Without waiting too long, it’s already possible to get a taste of a spacial experience within the European Space Agency’s exclusive Airbus A310 Zero-G, which makes parabolic flights that simulate the same microgravity that astronauts experience on board the International Space Station.

This “space race” raises the following questions: “Who does space belong to?” and “Who is responsible for all of the orbital garbage that is created as a result of these explorations?” It is estimated that approximately 29,000 pieces of debris measuring more than 10cm in diameter orbit the Earth at a speed of 28,000 km/hour, constituting a danger for all future trips into space. Dutch artist Daan Roosegaarde created the Space Waste Lab project (in collaboration with the ESA) to emphasise the topic. His installation, which uses LED bulbs, illuminates the heavens to trace the path of the debris in real time.

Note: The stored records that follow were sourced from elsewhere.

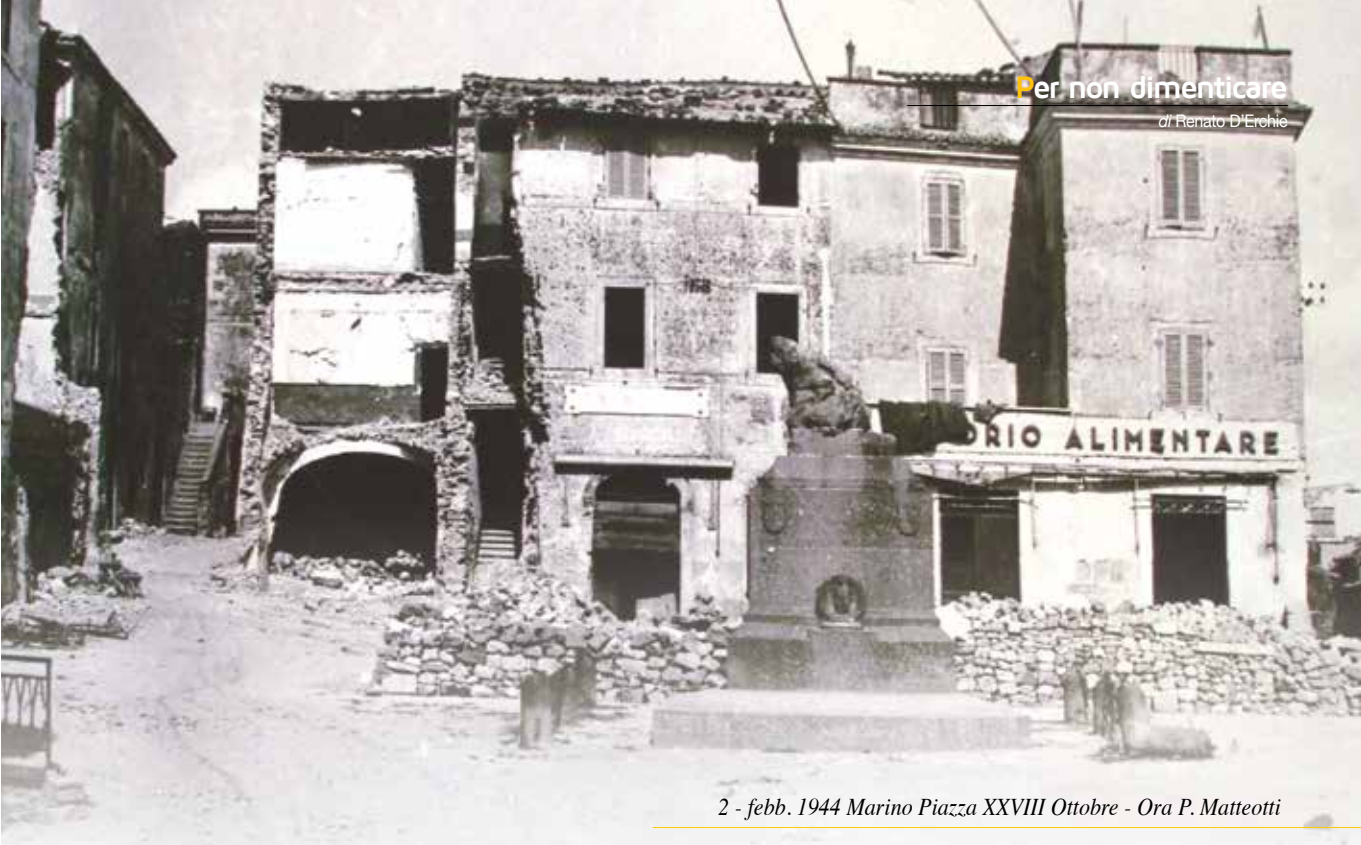
2 - febb. 1944 Marino Piazza XXVIII Ottobre - Ora P. Matteotti

Il monumento che è stato dedicato a tutti i caduti si trova in Piazzale degli Eroi.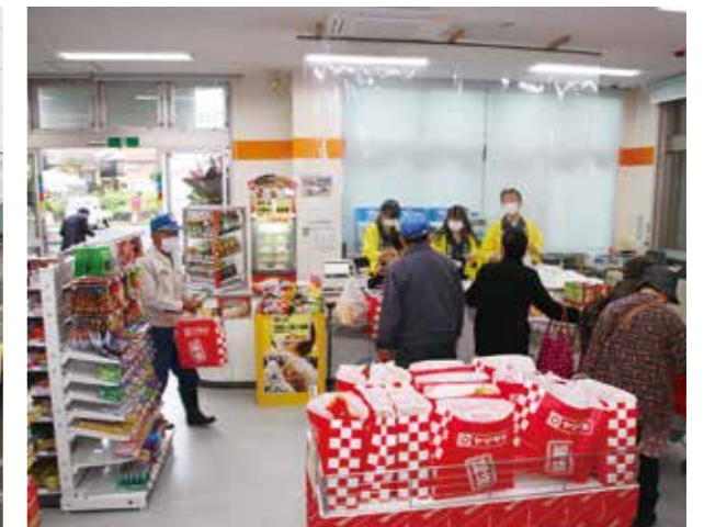
店内は多数の来店者で賑わいました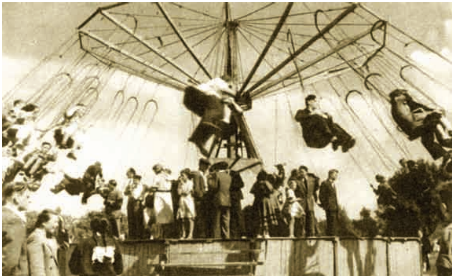
Karuzela na Bielanach – 1951 r.

W niedzielę 14 czerwca w g. 13 – 20.30 na imprezę przy stawach Brustmana zapraszamy szczególnie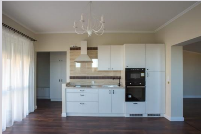
Blick auf die funktionelle Küchenzeile

Diese hat aber auch im angrenzenden Abstellraum ebenso Platz wie ein Wäschetrockner.

Orange returns in a ‘vibrant’ hue (after the more subtle and ‘burnt’ nuances of last year) with Blastoff, which recalls space rocket launches. Then there’s the inevitable dark blue, which combines serenity and tranquillity, called Find your Karman, a tribute to the Kármán line which, at a height of 100 km above sea level, commonly represents the border between Earth’s atmosphere and outer space. In addition to this is space junk, chromatically identified by the anthracite grey of The junky zone. This is juxtaposed by the synthetic green of Paradise this, as visionary and progressive as Jeff Bezos idea which would turn Earth into a new ‘paradise’. And lastly, the silvery lilac of The swooossh commuter, a clear reference to technology and to the upcoming invention of the hyperloop, reminding us that the future is closer than it seems.